Мне иногда кажется, что этим выбором мать-поэтесса определила судьбу своей дочери, а судьба той обернулась очень печальной. Когда я впервые увидела Таню Макарову за чайным столом у Туси, я была потрясена ее удивительной, неправдоподобной красотой. Она была такая прекрасная, такая тоненькая и прозрачная, что казалась видением, сошедшим со старинной персидской миниатюры, но так и оставшимся в двухмерном пространстве. А кроме того, она была мертвецки пьяна. Я не думаю, что ей было тогда больше двадцати лет, но бросалось в глаза, что это состояние ей привычно, как вторая кожа. Не знаю, может быть, беда была в том, что первая кожа у нее была слишком тонкой, но глаза ее никак не могли сфокусироваться на какой-нибудь одной точке, а беспомощно метались по комнате в безнадежной попытке зацепиться за что-нибудь прочное.

Когда мы уходили, Вика вызвался отвезти ее домой на такси и попросил Сашу помочь ему дотащить ее до машины. По дороге она крепко обхватила Сашину шею руками и начала, рыдая, умолять его: «Не надо! Ну, пожалуйста, не надо!» Похоже, было, что некоторые ее друзья охотно пользовались ее бессознательным состоянием, когда такая возможность им предоставлялась. И мне стало жалко танину мать, которая была любимой поэтессой моей юности.

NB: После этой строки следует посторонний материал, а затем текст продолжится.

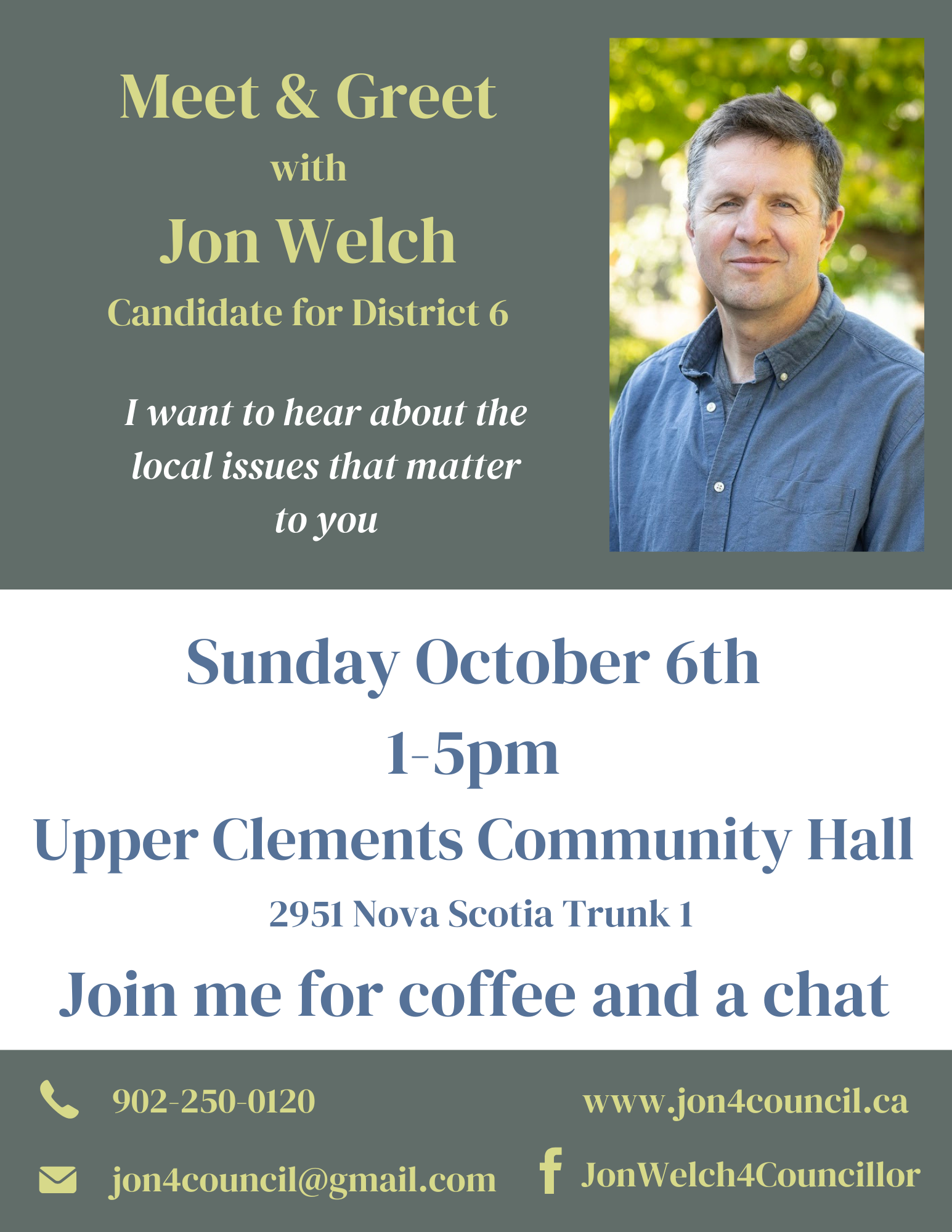 Jon Welch is running for a seat on the municipal Council of Annapolis County. He’s running in District 6 which stretches from Deep Brook to Allain’s Creek. Check out his website for detailed information about him and his vision for the region at www.jon4council.ca

Мы с нею практически не были знакомы, мы встретились всего один раз, но встреча эта была отмечена ее острой неприязнью ко мне. Я, собственно, не сделала ничего плохого, чтобы заслужить эту неприязнь. Просто мне было двадцать пять лет, и я была одета в необычайно идущий мне синий бархатный костюмчик, а ей было под пятьдесят, и она стояла у входа в Дом литераторов, кутаясь в неприглядный коричневый кардиган, невыгодно подчеркивающий ее желтоватую бледность. Но и это было бы ничего, если бы старый петух Павел Антокольский, которого мы обе поджидали у подъезда, не предпочел меня ей, откровенно и беспардонно. Выскочив из дверей ЦДЛ, он обхватил меня за плечи настолько крепко, насколько это позволил его маленький рост, и принялся рассказывать ей, как я замечательно перевела Уайльда. Все время, пока он с ней делился своими восторгами по моему поводу, она недружелюбно разглядывала меня из-под встрепанной шапки темных с сильной проседью волос и молчала. А мне так хотелось сказать ей:

«Хотите, я почитаю вам свои любимые стихи? Могу это:

Я в комнате той, на диване промятом,

Где пахнет мастикой и кленом сухим,

Наполненной музыкой и закатом,

Дыханием, голосом, смехом твоим…

Или нет, лучше другое:

Люди мне ошибок не прощают,

Что же, я учусь держать ответ —

Легкой жизни мне не обещают

Телеграммы утренних газет.

Но если не хотите это, я могу любое другое – я все их знаю наизусть…»

И услышав свои стихи, она бы улыбнулась и перестала сверлить меня жестким недоброжелательным взглядом. Но я не успела ничего произнести, потому что она резко оборвала декламацию Антокольского:

«Ладно, Павел, поговорим в другой раз. А сейчас мне пора!»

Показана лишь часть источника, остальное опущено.